Because people with darker skin have higher levels of melanin which can block the action of sunlight on vitamin D originators, they may require much longer sunlight exposure than people who are fair-skinned.
People with Limited Sunlight Exposure
People living in northern latitudes or with limited sunlight exposure because of their working environment or cultural dress rules may have low vitamin D levels.
Musculoskeletal Pain Sufferers
People with hypothyroidism, non-specific musculoskeletal pain, chronic low back pain, or fibromyalgia symptoms frequently have low vitamin D levels. However, after supplementation, the improvement has been shown during clinical research. Therefore, vitamin D screening is strongly recommended in muscle and joint pain patients.
Overweight or Obese People
Vitamin D can be locked up in the fat stores of obese people, who have been found to have lower levels of circulating vitamin D and are at risk of deficiency.
Breast-Fed Infants and Children with Limited Sunlight Exposure
All children require adequate circulating vitamin D to prevent rickets. Dark-skinned children and those who spend much of the day inside day-care centres are at risk of deficiency, and breastfed children often receive inadequate amounts of vitamin D, mainly when their mothers are deficient. Giving vitamin D supplements to the nursing mother or the use of cod liver oil or other vitamin D supplements in infants and children can reduce the risk of developing type I diabetes in childhood.

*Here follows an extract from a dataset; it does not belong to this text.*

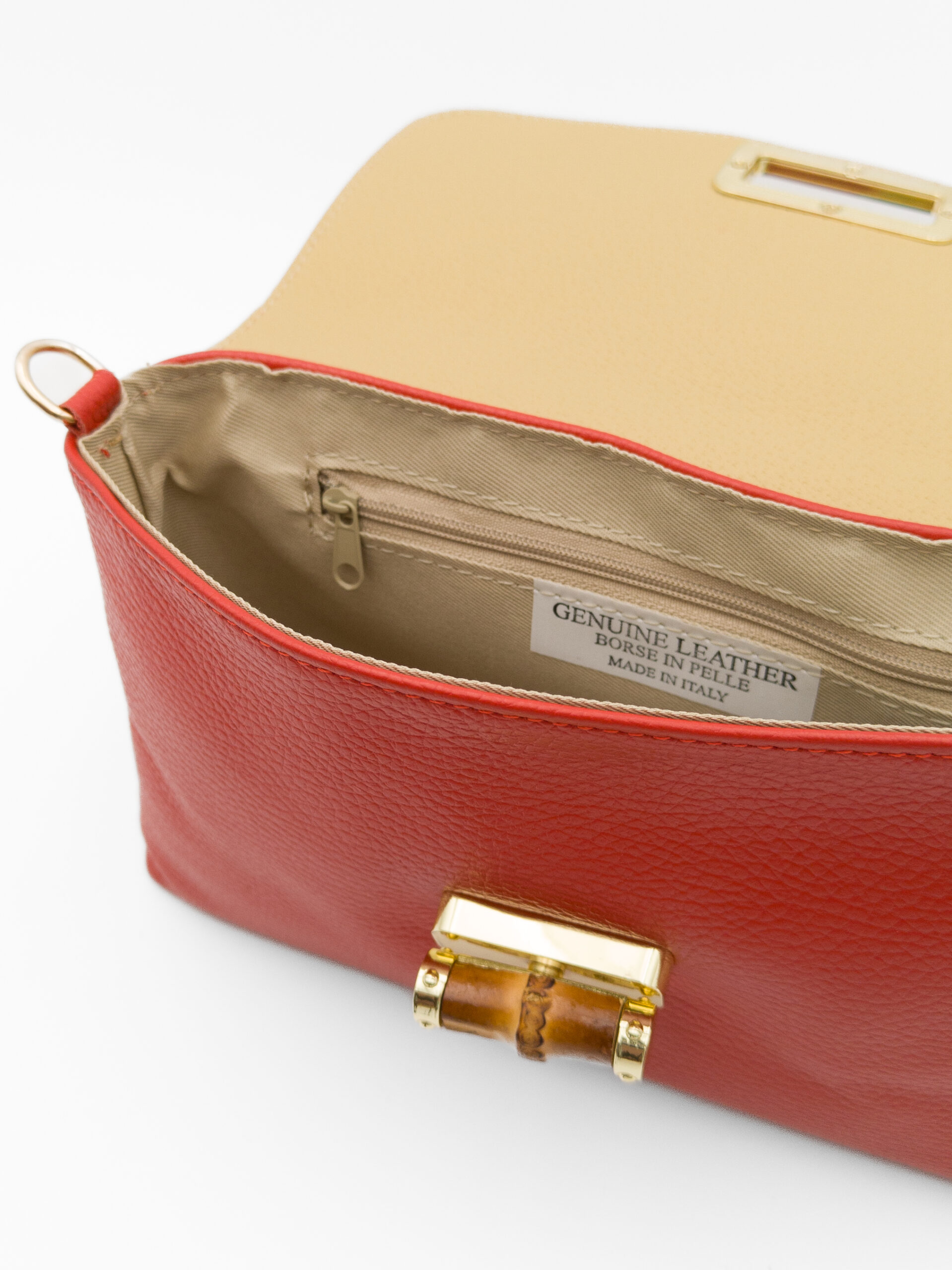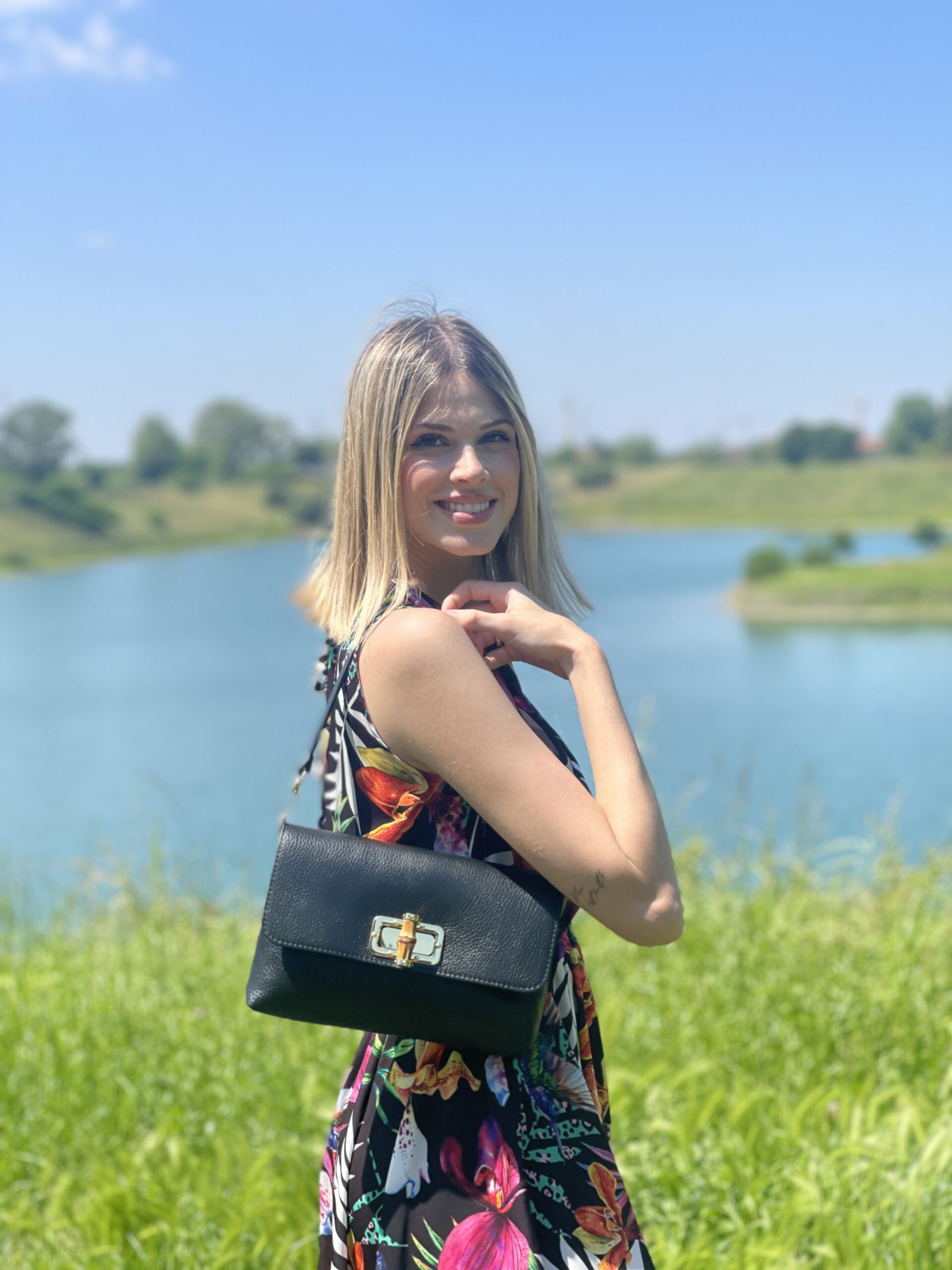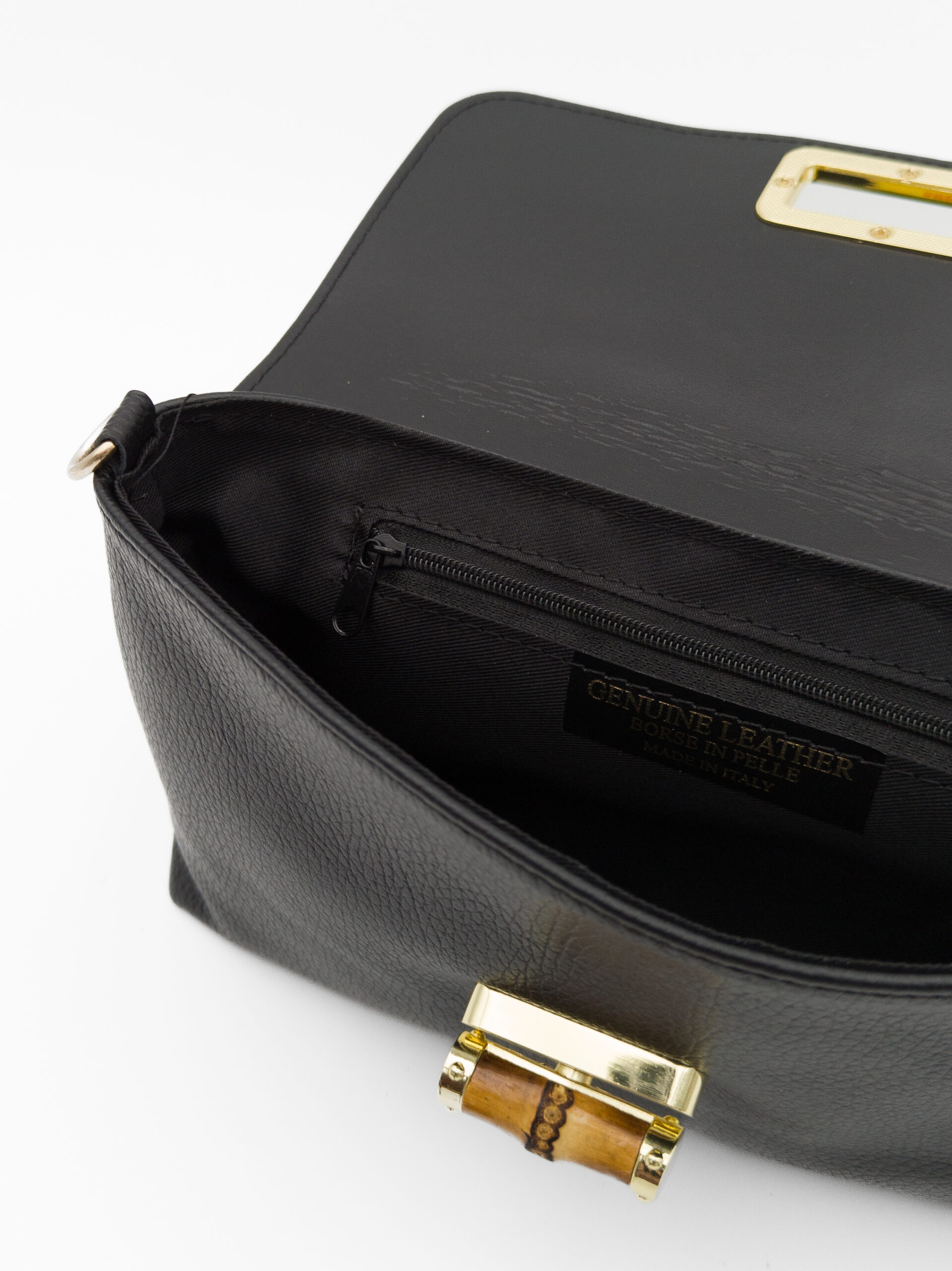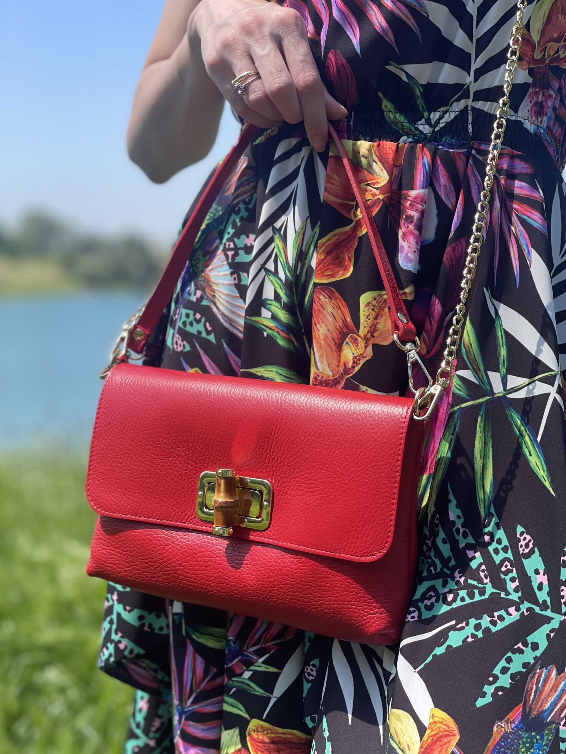 Dal design sofisticato e compatto, Bali è una borsa in vera pelle Made in Italy che unisce artigianalità e raffinatezza in ogni dettaglio. La protagonista assoluta è la chiusura turn lock in vero bambù, elemento naturale che dona un tocco esotico e lussuoso.

Vitamin D screening has been recommended as a routine part of the annual physical examination. Deficiency does not have obvious symptoms but increases your risk for more serious diseases.
Blood spot testing for Vitamin D can help your doctor:
• Identify vitamin D deficiency as a potential cause of health problems – levels below 20 ng/mL indicate a deficiency, while levels below 32 ng/mL are “low”; optimal levels are 32-100 ng/mL (research is ongoing to establish definitive recommendations)
• Recommend the right dose of vitamin D as a supplement and monitor your D levels during
Supplementation to ensure you have adequate levels without overdosing – toxicity may be expected at levels >150 ng/mL
• Recommend appropriate ways to safely increase sunlight exposure and modify your diet to include more vitamin D-containing foods and supplements
• Track treatment progress with follow-up testing
How does the test carried out?
This blood spot-based testing tool can be done in the privacy of your home. A simple step of collecting your blood spot for the test is required. Once you provide a blood spot, you need to seal the sample and send it off to us. Your test result report will be emailed to you between 3 and 5 working days after the laboratory receives your sample.